*** DATASET RECORDS

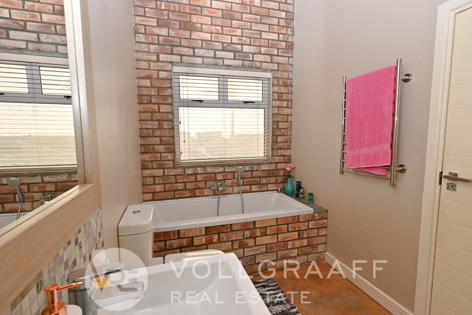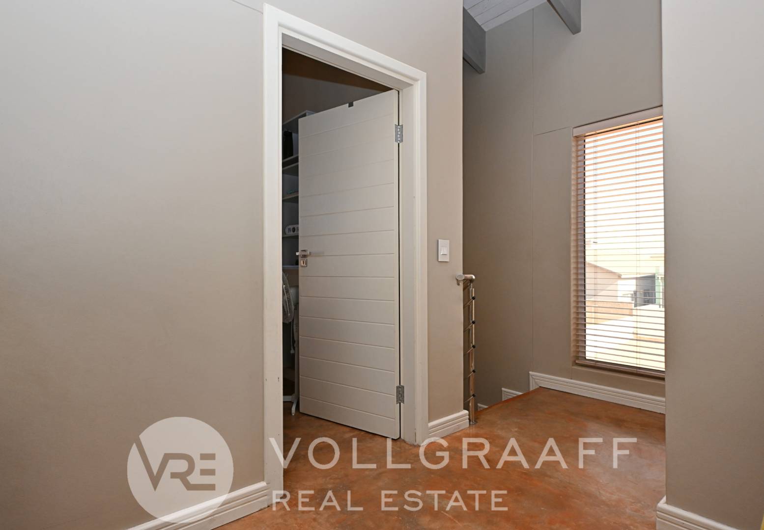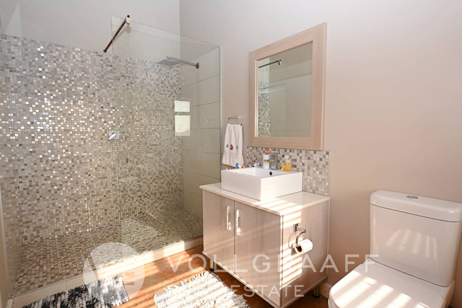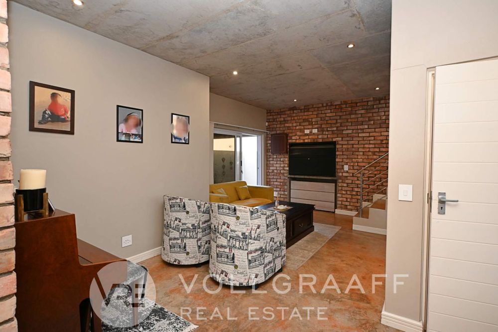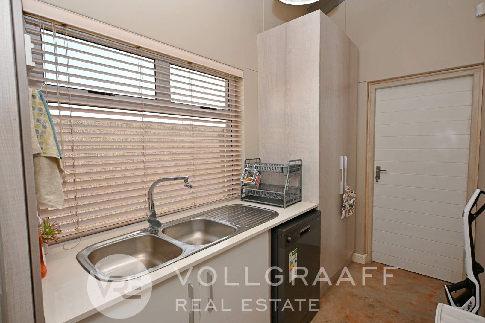 This beautifully designed modern double-storey property, featuring sleek polished cement floors and contemporary finishes throughout, is looking for its new owner.
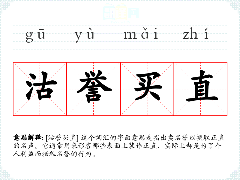 [沽誉买直] 这个词汇的字面意思是指出卖名誉以换取正直的名声。它通常用来形容那些表面上装作正直,实际上却是为了个人利益而牺牲名誉的行为。
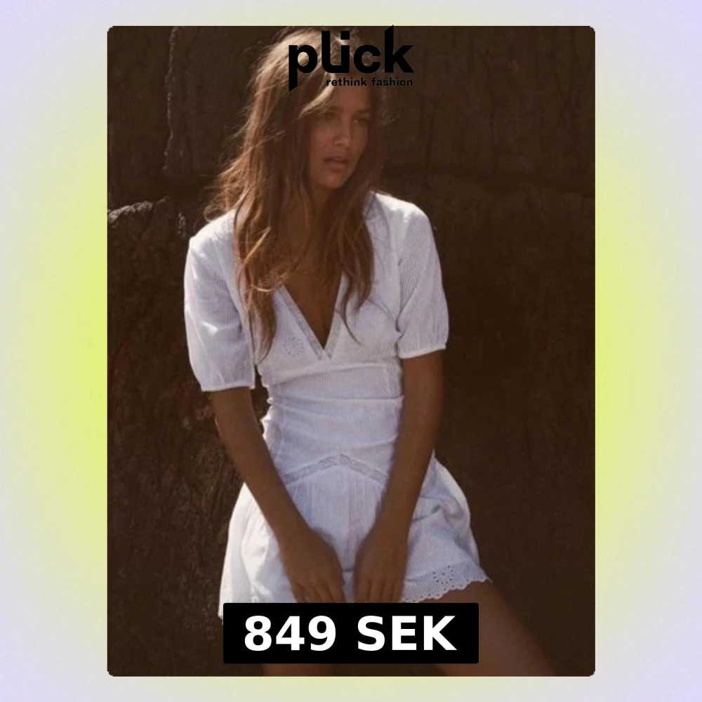 Söt vit kortklänning med v-ringning, omlottdesign och spetsdetaljer. Klänningen har korta puffärmar och volangkant nertill. Perfekt för sommarens varma dagar och har en lätt, luftig känsla.
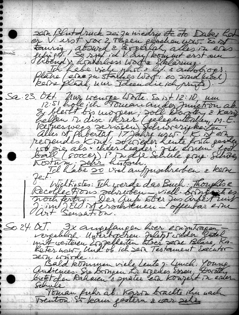 Toman fuhr ab. Karin brachte ihn nach Trenton. Er kam gestern & war sehr gut. Resultat: unsere4 Kinder völlig normal in ihrem Verhalten; was es an gelegentlichen Komplikationen gibt: kommt in allen Familien vor, geht vorbei. Man soll sie mehr allein lassen, nur klar machen, wie sehr man sie liebt, daß sie mit allen (mögl.) Problemen kommen können, daß sie eben aufwachsen. Ich bin an manchem Schuld: meine Krankheit & die Zeichen meiner oft starken Schmerzen, sowie daß ich "berühmt" sei etc.
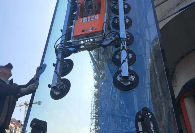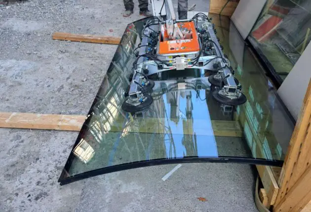 The use of curved glass is very popular in the construction industry. Curved glass offers the opportunity to create unique and aesthetically pleasing buildings with a modern look. In addition, curved glass panels are becoming larger and heavier, which requires a solution to safely install the glass and relieve the installation team. The best method for this is to use a glass lifter. VIAVAC has developed a glass lifter that provides both. The VIAVAC GBXL Curved places curved glass up to a weight of up to 700 kilograms.
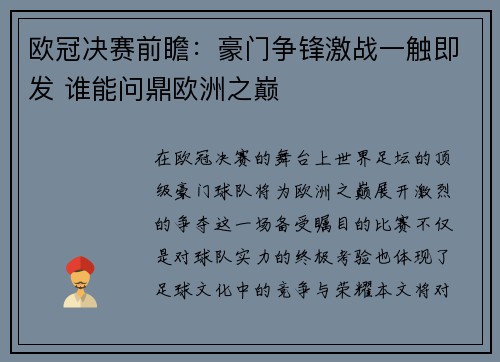 在欧冠决赛的舞台上,世界足坛的顶级豪门球...
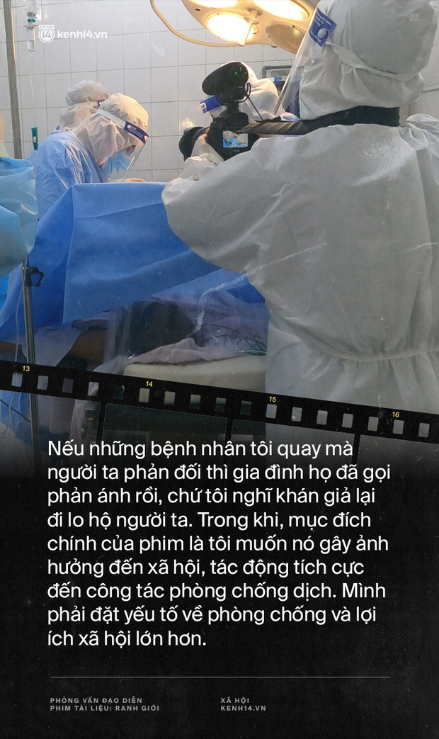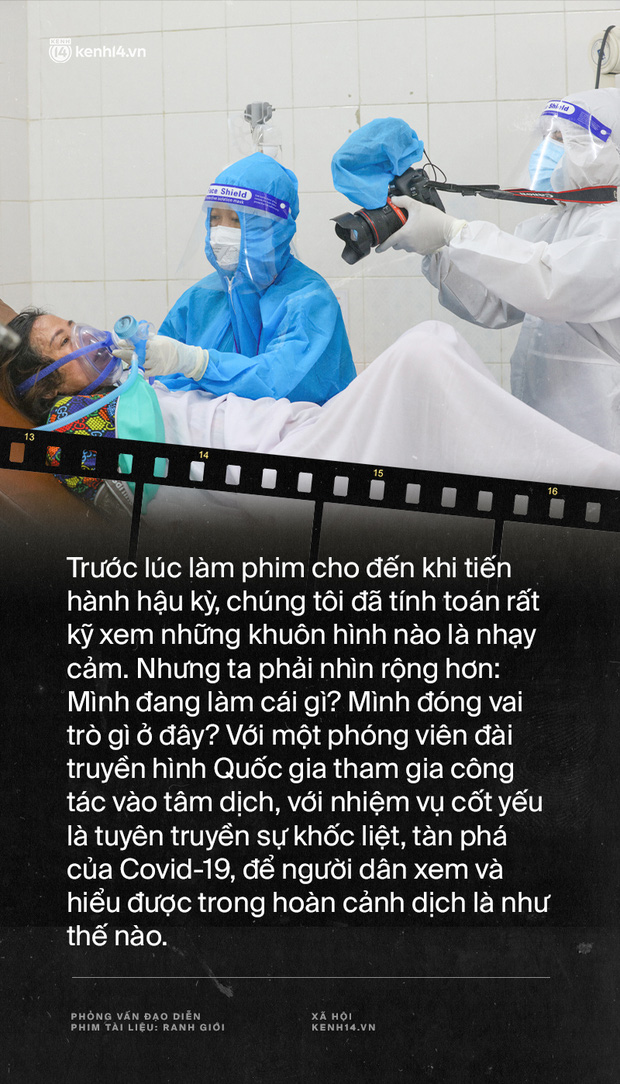 Thực ra trước lúc làm phim cho đến khi tiến hành hậu kỳ, chúng tôi đã tính toán rất kỹ xem những khuôn hình nào là nhạy cảm. Nhưng ta phải nhìn rộng hơn: Mình đang làm cái gì? Mình đóng vai trò gì ở đây? Với một phóng viên đài truyền hình Quốc gia tham gia công tác vào tâm dịch, với nhiệm vụ cốt yếu là tuyên truyền sự khốc liệt, tàn phá của Covid-19, để người dân xem và hiểu được trong hoàn cảnh dịch là như thế nào. Trong phim, nó hiện rõ 3 yếu tố:

******

## DESCRIPTION OF THE TASK
Write out exactly the lines above, from the very first through the line containing "[沽誉买直] 这个词汇的字面", both kept, with the pictures removed.

## SOLUTION TO THIS TASK
 This beautifully designed modern double-storey property, featuring sleek polished cement floors and contemporary finishes throughout, is looking for its new owner.
 [沽誉买直] 这个词汇的字面意思是指出卖名誉以换取正直的名声。它通常用来形容那些表面上装作正直,实际上却是为了个人利益而牺牲名誉的行为。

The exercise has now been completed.